[Source data]
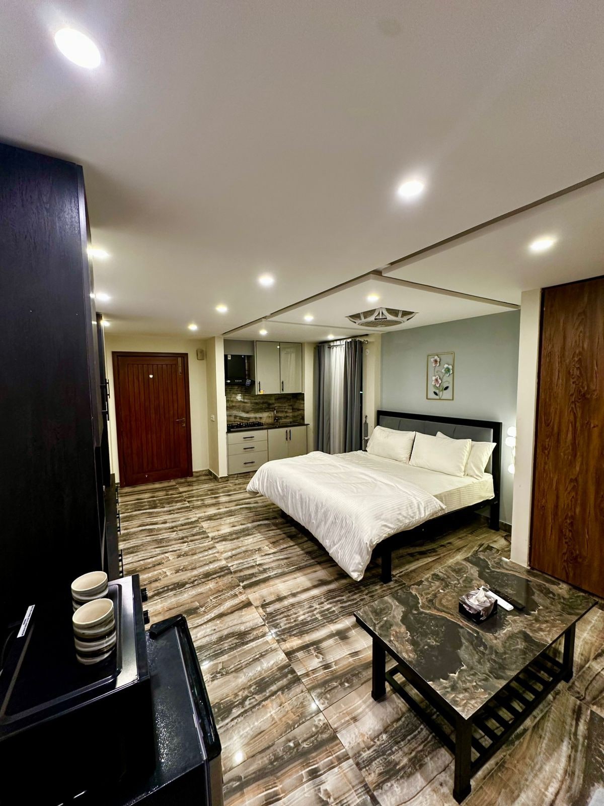 Warm Welcome to our luxurious one-bedroom apartment in the heart of DHA Phase 4! With its stylish interior and top-notch amenities, the apartment is the perfect home away from home for your next trip. From the comfy king-sized bed to the fully equipped kitchen, we've got everything you need to feel comfortable and pampered during your stay. Plus, our convenient location makes it easy to explore all that [city/town] has to offer. We can't wait to welcome you!
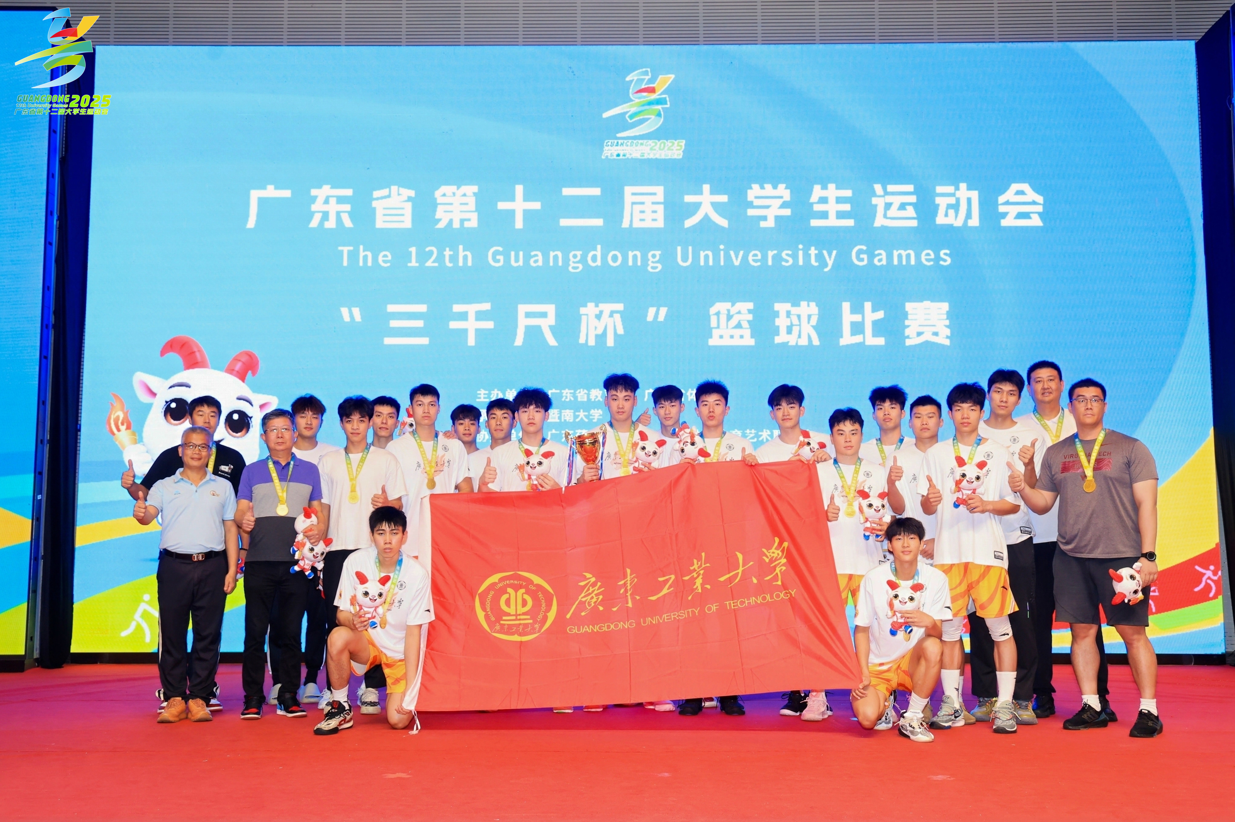 5月20日下午,广东省第十二届大学生运动会男子乙B组篮球决赛中,广工男篮以77比62战胜东道主暨南大学,为广工代表团赢得本届省大运会的第四枚金牌。
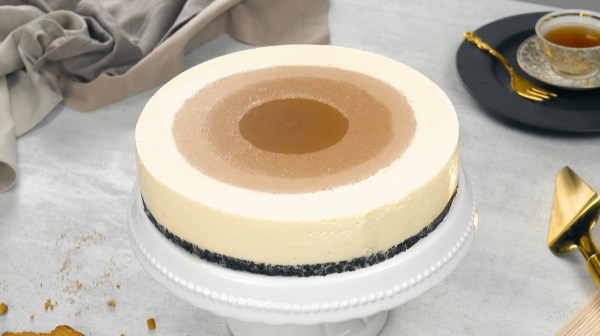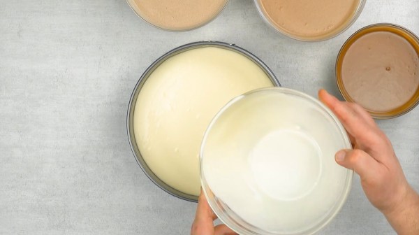 - Versez d'abord la pâte sans chocolat sur le fond de biscuits dans le moule à charnière. Ensuite, versez le contenu du saladier de pâte de 600 g (marron le plus clair) au milieu de la pâte blanche dans le moule. Puis, versez le contenu du saladier de 500 g de pâte au milieu du moule. Enfin, versez la pâte la plus foncée au milieu du moule.
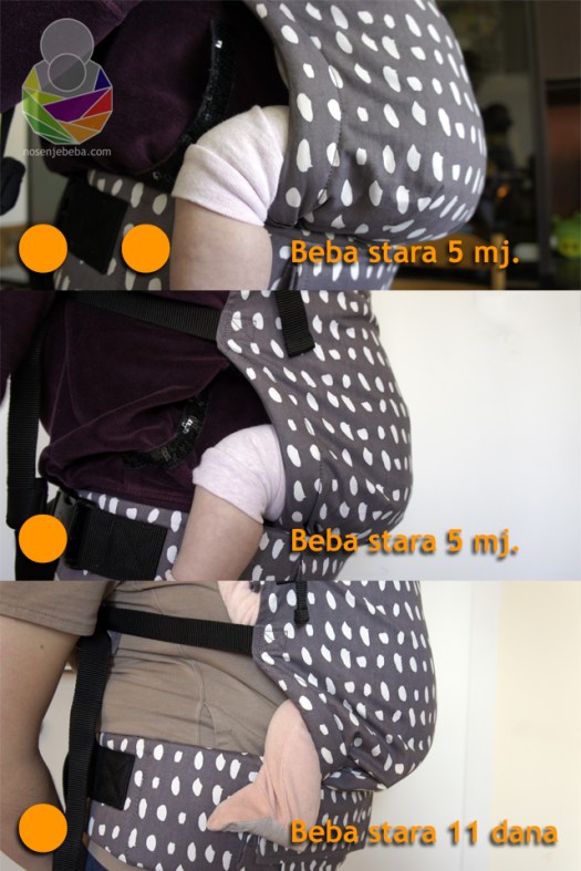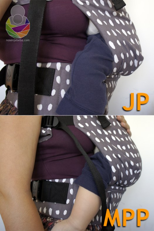 Spomenula sam već da bebina guza upada plitko u panel u odnosu na slične nosiljke i da kukovlje ima potporu u samo tri točke: vrhu guze i iza koljena pri čemu bedra ostaju bez potpore, a taj dio nosiljke ostaje “prazan” čak i na Tulinim fotografijama na njihovoj stranici babytula.eu. Primjetila sam i da bebe s debelom modernom platnenom pelenom (MPP) na guzi bolje “sjedaju” u panel u odnosu na bebe s tankom jednokratnom pelenom (JP). Zanimljivo jest da u Tulinom promo videu sve bebe imaju velike guze zbog debelih MPP.
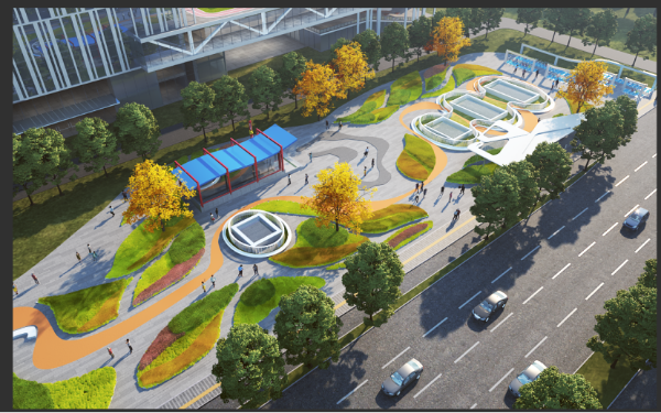 廣花城際鳳凰南路站共設(shè)5個(gè)出入口,3組風(fēng)亭,位于鳳凰南路與永利路交叉口,地處花都區(qū)科創(chuàng)制造區(qū),也是花都湖景觀風(fēng)貌綠心的重要節(jié)點(diǎn)。為確保車站出入口、風(fēng)亭等設(shè)施在風(fēng)格、色調(diào)上與周邊城市風(fēng)貌協(xié)調(diào)統(tǒng)一,縫合城市空間,在審批過程中,該局引入場(chǎng)地設(shè)計(jì)理念:
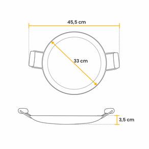 A chapa da renomada marca MK é perfeita para preparar uma variedade de pratos, como bifes suculentos, macarrão na chapa e muito mais. Fabricada em aço de alta qualidade, a peça conta com um acabamento liso que facilita a limpeza e a distribuição uniforme do calor, proporcionando um preparo eficiente dos alimentos. Sua coloração única, que varia entre o tom natural do aço queimado, confere um visual rústico e marcante, ideal para quem busca praticidade e estilo. O formato redondo da chapa oferece ampla área de cozimento, com um diâmetro total de 33 cm. Entre os puxadores, o diâmetro é de 45,5 cm, garantindo um manuseio seguro e confortável. A altura da chapa de 3,5 cm, contribui para reter o calor e facilitar o preparo de diversos tipos de alimentos.
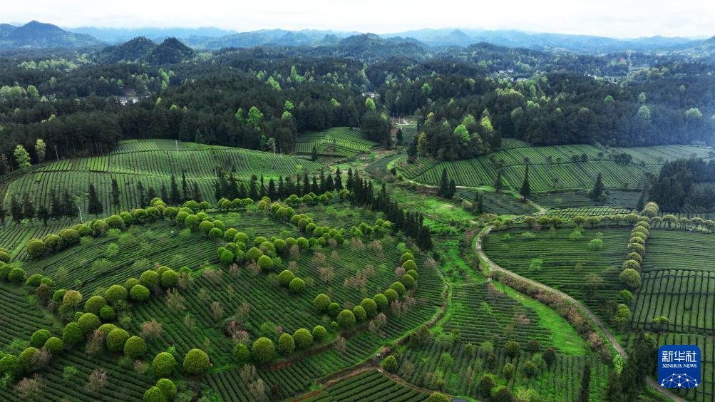 4月6日拍摄的凤冈县永安镇田坝社区茶叶基地一景(无人机照片)。新华社记者 杨楹 摄pagebreak
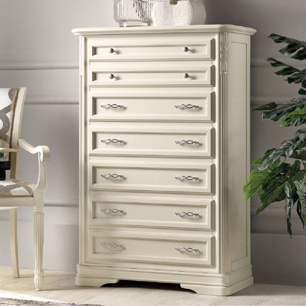 SETTIMANALE CLASSICO 7 CASSETTI IN LEGNO MASSELLO AVORIO L.85 P.42 H.128
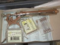 Gallagher M120 electric fencer, syringes, needles, tagging pliers, castrating pliers, etc
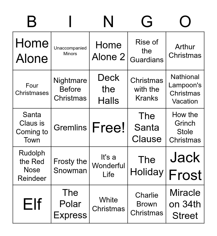 This bingo card has a free space and 29 words: Elf, A Christmas Carol, Gremlins, Jingle all the Way, Home Alone, Home Alone 2, Nightmare Before Christmas, Frosty the Snowman, The Santa Clause, The Polar Express, How the Grinch Stole Christmas, Miracle on 34th Street, White Christmas, Charlie Brown Christmas, Nathional Lampoon's Christmas Vacation, A Christmas Story, It's a Wonderful Life, Rudolph the Red Nose Reindeer, Arthur Christmas, Santa Claus is Coming to Town, The Holiday, Scrooged, Christmas with the Kranks, Four Christmases, Rise of the Guardians, Unaccompanied Minors, Jack Frost, Deck the Halls and The Star.
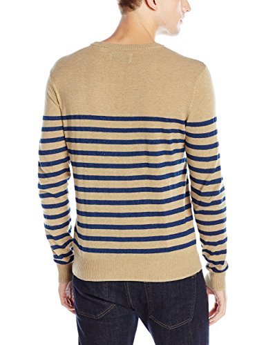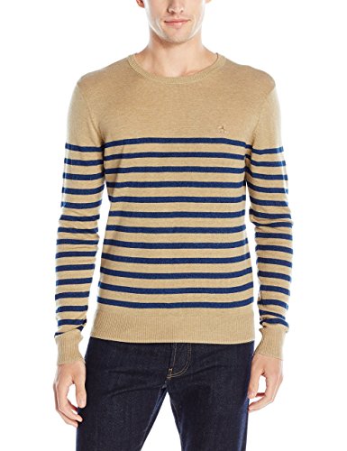 这款企鹅Original Penguin Pima 男士圆领针织衫,修身版型,采用100%棉质针织面料,柔软亲肤,穿着舒适透气,衣面是以卡其色打底,搭配墨蓝色条纹。胸前品牌logo刺绣,彰显品牌魅力,圆领设计,简约大方,适合日常休闲穿着。

◆ **What the exercise asks**
All records above are to be repeated exactly, with the images left out.

◆ **Result for this task**
 Warm Welcome to our luxurious one-bedroom apartment in the heart of DHA Phase 4! With its stylish interior and top-notch amenities, the apartment is the perfect home away from home for your next trip. From the comfy king-sized bed to the fully equipped kitchen, we've got everything you need to feel comfortable and pampered during your stay. Plus, our convenient location makes it easy to explore all that [city/town] has to offer. We can't wait to welcome you!
 5月20日下午,广东省第十二届大学生运动会男子乙B组篮球决赛中,广工男篮以77比62战胜东道主暨南大学,为广工代表团赢得本届省大运会的第四枚金牌。
 - Versez d'abord la pâte sans chocolat sur le fond de biscuits dans le moule à charnière. Ensuite, versez le contenu du saladier de pâte de 600 g (marron le plus clair) au milieu de la pâte blanche dans le moule. Puis, versez le contenu du saladier de 500 g de pâte au milieu du moule. Enfin, versez la pâte la plus foncée au milieu du moule.
 Spomenula sam već da bebina guza upada plitko u panel u odnosu na slične nosiljke i da kukovlje ima potporu u samo tri točke: vrhu guze i iza koljena pri čemu bedra ostaju bez potpore, a taj dio nosiljke ostaje “prazan” čak i na Tulinim fotografijama na njihovoj stranici babytula.eu. Primjetila sam i da bebe s debelom modernom platnenom pelenom (MPP) na guzi bolje “sjedaju” u panel u odnosu na bebe s tankom jednokratnom pelenom (JP). Zanimljivo jest da u Tulinom promo videu sve bebe imaju velike guze zbog debelih MPP.
 廣花城際鳳凰南路站共設(shè)5個(gè)出入口,3組風(fēng)亭,位于鳳凰南路與永利路交叉口,地處花都區(qū)科創(chuàng)制造區(qū),也是花都湖景觀風(fēng)貌綠心的重要節(jié)點(diǎn)。為確保車站出入口、風(fēng)亭等設(shè)施在風(fēng)格、色調(diào)上與周邊城市風(fēng)貌協(xié)調(diào)統(tǒng)一,縫合城市空間,在審批過程中,該局引入場(chǎng)地設(shè)計(jì)理念:
 A chapa da renomada marca MK é perfeita para preparar uma variedade de pratos, como bifes suculentos, macarrão na chapa e muito mais. Fabricada em aço de alta qualidade, a peça conta com um acabamento liso que facilita a limpeza e a distribuição uniforme do calor, proporcionando um preparo eficiente dos alimentos. Sua coloração única, que varia entre o tom natural do aço queimado, confere um visual rústico e marcante, ideal para quem busca praticidade e estilo. O formato redondo da chapa oferece ampla área de cozimento, com um diâmetro total de 33 cm. Entre os puxadores, o diâmetro é de 45,5 cm, garantindo um manuseio seguro e confortável. A altura da chapa de 3,5 cm, contribui para reter o calor e facilitar o preparo de diversos tipos de alimentos.
 4月6日拍摄的凤冈县永安镇田坝社区茶叶基地一景(无人机照片)。新华社记者 杨楹 摄pagebreak
 SETTIMANALE CLASSICO 7 CASSETTI IN LEGNO MASSELLO AVORIO L.85 P.42 H.128
 Gallagher M120 electric fencer, syringes, needles, tagging pliers, castrating pliers, etc
 This bingo card has a free space and 29 words: Elf, A Christmas Carol, Gremlins, Jingle all the Way, Home Alone, Home Alone 2, Nightmare Before Christmas, Frosty the Snowman, The Santa Clause, The Polar Express, How the Grinch Stole Christmas, Miracle on 34th Street, White Christmas, Charlie Brown Christmas, Nathional Lampoon's Christmas Vacation, A Christmas Story, It's a Wonderful Life, Rudolph the Red Nose Reindeer, Arthur Christmas, Santa Claus is Coming to Town, The Holiday, Scrooged, Christmas with the Kranks, Four Christmases, Rise of the Guardians, Unaccompanied Minors, Jack Frost, Deck the Halls and The Star.
 这款企鹅Original Penguin Pima 男士圆领针织衫,修身版型,采用100%棉质针织面料,柔软亲肤,穿着舒适透气,衣面是以卡其色打底,搭配墨蓝色条纹。胸前品牌logo刺绣,彰显品牌魅力,圆领设计,简约大方,适合日常休闲穿着。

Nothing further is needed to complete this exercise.